Celui que M. Trudeau avait nommé rapporteur spécial sur l’ingérence étrangère, David Johnston, a conclu dans un rapport que la Chine «a utilisé des mandataires et a tenté d’influencer de nombreux candidats libéraux et conservateurs de différentes manières subtiles».

Toutefois, selon l’ex-gouverneur général, «rien ne permet de conclure que les 11 candidats travaillaient ou travaillent de concert (c’est-à-dire comme un «réseau») ou qu’ils comprenaient les intentions des mandataires».

Les reportages du «Globe and Mail» ont permis d’apprendre que le député conservateur Michael Chong a été la cible de Pékin en vue de tenter de l’intimider.

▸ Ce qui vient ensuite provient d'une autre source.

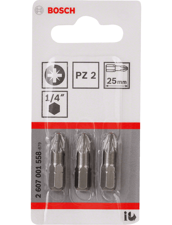 Бита PZ2 25 мм 3 шт BOSCH 2607001558

Cela a mené à l’expulsion d’un diplomate chinois qui était au Canada, Zhao Wei.

M. Chong a obtenu le droit de participer à part entière à l’enquête publique présidée par le juge Hogue.

Le statut de M. Chong dans l’enquête est plus important et distinct de celui du Parti conservateur fédéral, qui a obtenu le statut d’intervenant.

La commission, selon son mandat, ne se limitera pas aux activités de Pékin. L’équipe de la juge Hogue a d’ailleurs demandé à ce que l’Inde soit incluse dans le transfert des documents gouvernementaux pertinents à son enquête.

M. Trudeau a révélé en Chambre, le 18 septembre dernier, que les services de renseignement canadiens enquêtaient sur «un lien possible» entre le gouvernement indien et l’assassinat en Colombie-Britannique de Hardeep Singh Nijjar, un dirigeant sikh canadien, en juin dernier. C’était le jour même de l’entrée en fonction de la commissaire Hogue.

Le premier ministre a mentionné des «allégations crédibles», ce qui a exacerbé les tensions entre l’Inde et le Canada. New Delhi a qualifié ces allégations d’«absurdes et motivées» par la politique.